All with the goal of shaping decisions being made about you, without you.

The conversations that happen about your career, when you’re not in the room.

Sound familiar?

If you’ve read any other posts on this blog, you know I write about two main ideas:

  1. Buyers (not sellers) close deals when sales reps aren’t in the room.
  2. Sales is about creating champions, and crafting internal communications.

Which means managing up isn’t about acquiring a whole separate set of skills.

It’s about repurposing the same skills high-performing reps use to generate revenue (meritocracy), to navigate your own organization (bureaucracy).

If you can help your buyers navigate the complexity of their company, to shape the outcome of a major purchasing decision, it’s time to put these same strategies to work for yourself.

Here’s how.

1/ Write out your pipeline updates in narrative form.

If you don’t create the narrative, someone else will. When this happens, it’s far more challenging to shift an existing narrative someone that else created.

Start by sending out a weekly pipeline update to your direct manager. Share it in a consistent format, that’s easy for them to forward on when needed.

Here’s a framework you can build from:

2/ Talk in terms of scenarios and dependencies.

Nothing kills your reputation more quickly than deal slippage. Consistently calling your shot… only to miss the mark. Time after time.

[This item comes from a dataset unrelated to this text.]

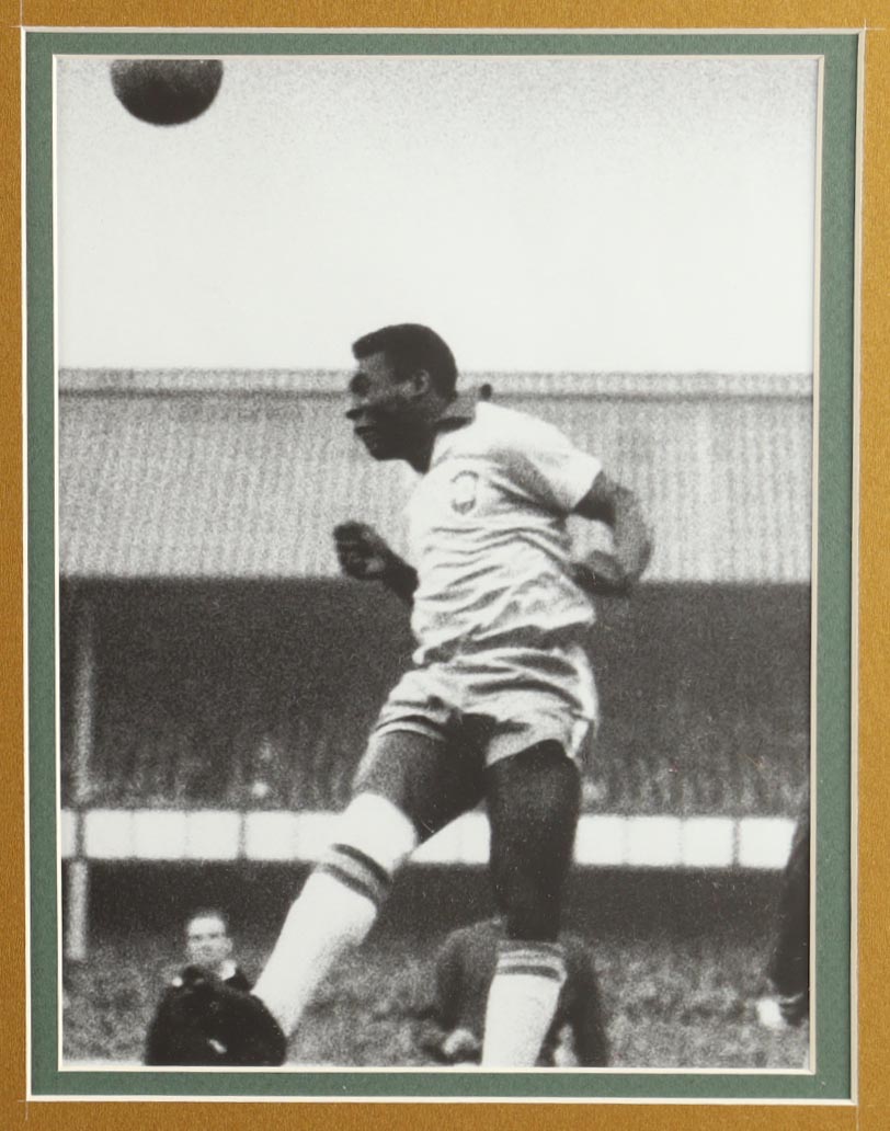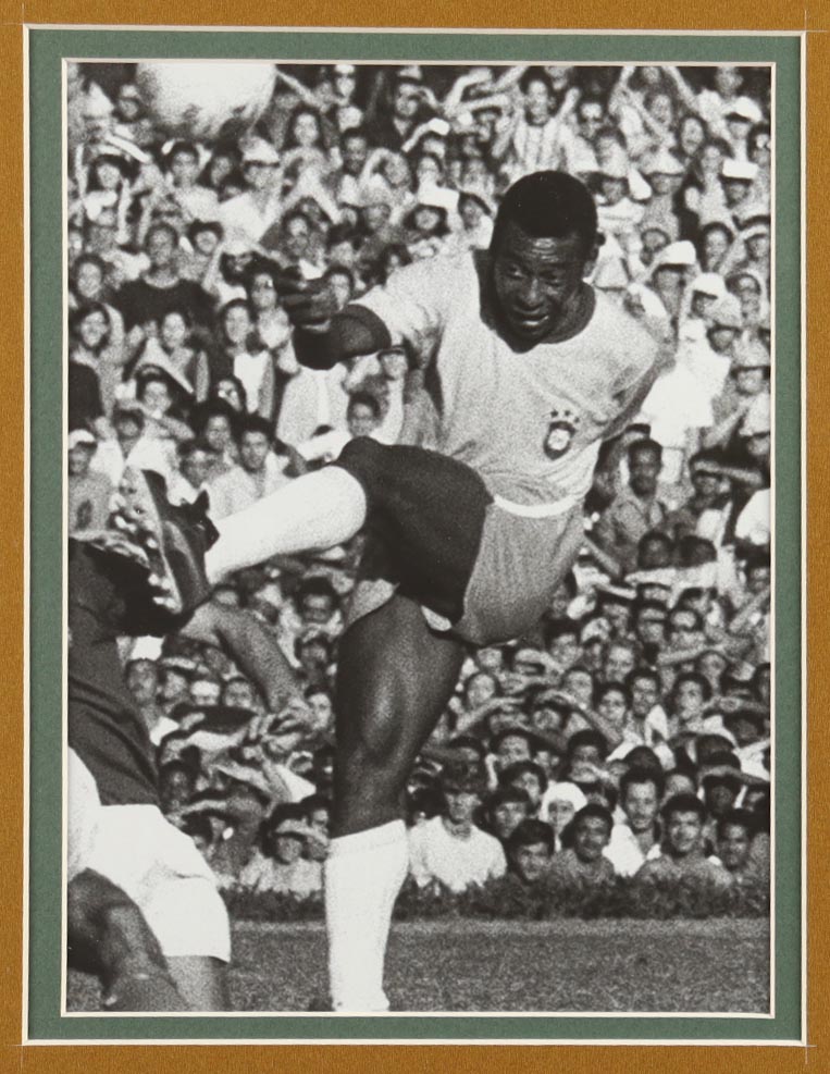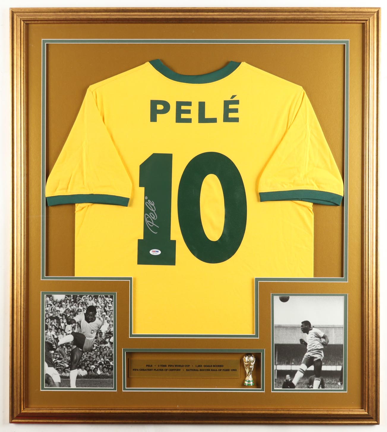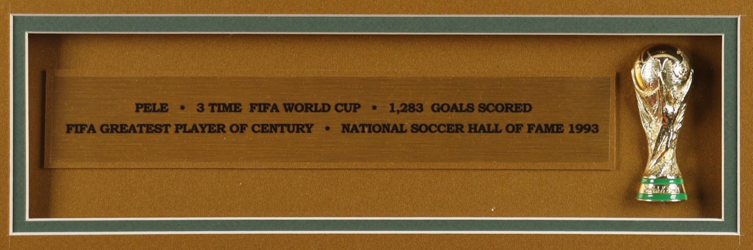 Custom frame measures 35" x 43" in size and features a jersey hand-signed by Pele (D. 2022, HOF). Please note that the 8" x 10" photos may be in reverse order. Display also features a World Cup Trophy Pin.

So instead of saying, “I’ll close $X” this quarter,” the framework above uses three scenarios:

  • Worst Case. What you’re proactively defending against. Label specific risks here.
  • Base Case. This is your most likely scenario, contingent on a few reasonable assumptions.
  • Best Case. Your 20 revenue if a few, major deals or wild card assumptions come through.

3/ Surface bad news early and often.

I like Charles Muhlbauer’s saying, “Bad news can’t wait.”

This is one of the most common, yet costly, mistakes I see young sellers make. They “shield” their manager from bad news. Which robs managers of the decision to either:

  • Intervene and do something about the bad news.
  • Get ahead of it by sharing with others.
  • Save it for later.

Let your manager make that call. Don’t make it for them.

4/ Focus your 1:1 time on “high-leverage” requests.

If you’ve been doing all of the above, now, your typical 1:1 agenda is freed up.

You’ve moved past the routine items, and can focus on higher-quality conversations like:

  • New project ideas you’d like to own and run with.
  • Requests for more/new/different resources.
  • Key account strategies.

By the way, you should use some type of shared doc to track commitments from these conversations, and your progress against them.

If a past commitment is important enough, but wasn’t completed by your manager on time, use some of your 1:1 time for it. Just say:

I know you have a lot on your plate, and I feel like < commitment > is important enough that it’s worth taking 5 minutes to do it together, now.

Are you open to spending a few minutes working heads down on this right now?

5/ It’s not what you’re asking. It’s how you’re asking.

If you have an important and/or urgent ask to make, focus on how you make it.

For example, when I wanted to ask one of my past CEO’s for the resources to build up an enterprise sales team, that big ask was spread into many smaller asks over 6-9 months:

  • Can I spend 20% of the team’s time on landing larger accounts?
  • Can we invest in this product change, to land this first enterprise account?
  • Can we invest in more dedicated, enterprise CSM’s to bring on even more accounts?

And so on. Also, make sure to communicate in the way your manager uniquely listens.

With some people, I’d go into in the office for an hourlong meeting and start with small talk. With others, I’d keep my questions short and punchy, shared in a 30 minute phone call.

6/ Anticipate your manager’s needs to proactively deliver.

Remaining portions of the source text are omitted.